> WHAT THE TASK ASKS
Below are some records. Write out the line that contains "Este documento describe" and all lines after it, exactly, but not the pictures.

> MATERIAL SUPPLIED
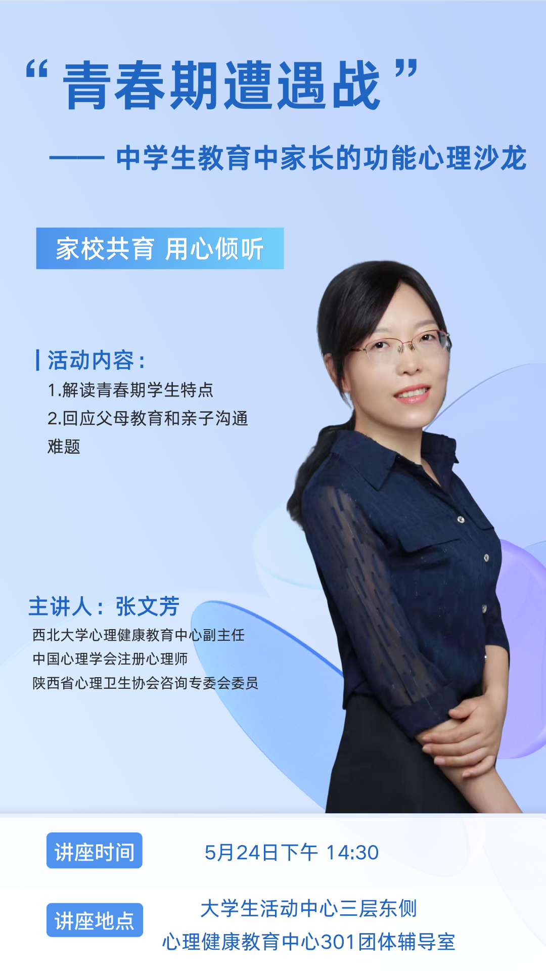 活动地点:长安校区大学生活动中心三层东侧心理健康教育中心301团体辅导室
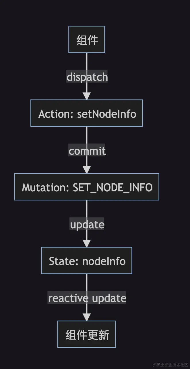 流转顺序: 以命名空间作为索引的整体数据结构, 可以以独立入口(mutations)的方式对 state 进行读取和操作。actions -> mutations -> state
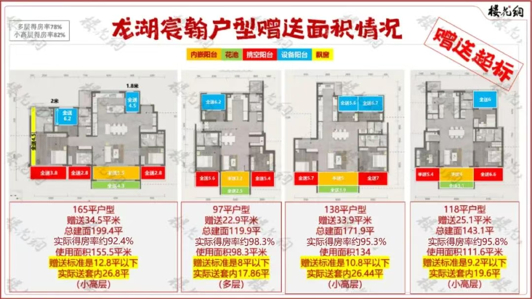 具体来看:97平在96.26%至100.32%;118平在91.95%至99.72%;138平在94.68%至96%;165平在92.21%至92.58%。
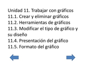 Este documento describe cómo crear, modificar y dar formato a gráficos en PowerPoint. Explica cómo insertar un gráfico, cambiar su tipo y diseño, y modificar sus elementos y presentación usando las herramientas de gráficos. También cubre cómo dar formato a elementos individuales de un gráfico.
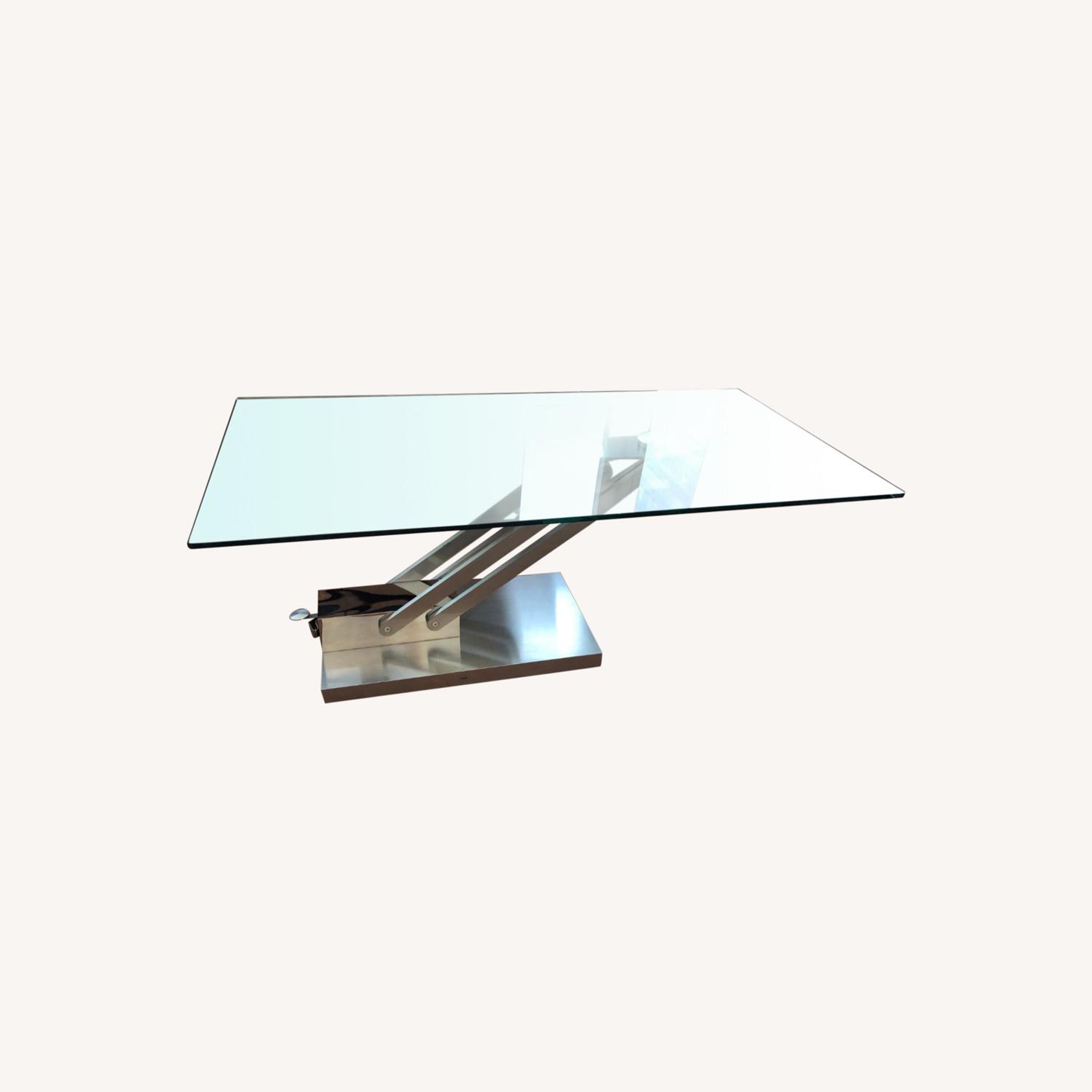 Seller's Notes:This is a beautiful transparent lazzoni merlot coffee table. It does have a minor chip from the close up photo where you push down to adjust the height of the table.

> SOLUTION FOR THIS EXERCISE
 Este documento describe cómo crear, modificar y dar formato a gráficos en PowerPoint. Explica cómo insertar un gráfico, cambiar su tipo y diseño, y modificar sus elementos y presentación usando las herramientas de gráficos. También cubre cómo dar formato a elementos individuales de un gráfico.
 Seller's Notes:This is a beautiful transparent lazzoni merlot coffee table. It does have a minor chip from the close up photo where you push down to adjust the height of the table.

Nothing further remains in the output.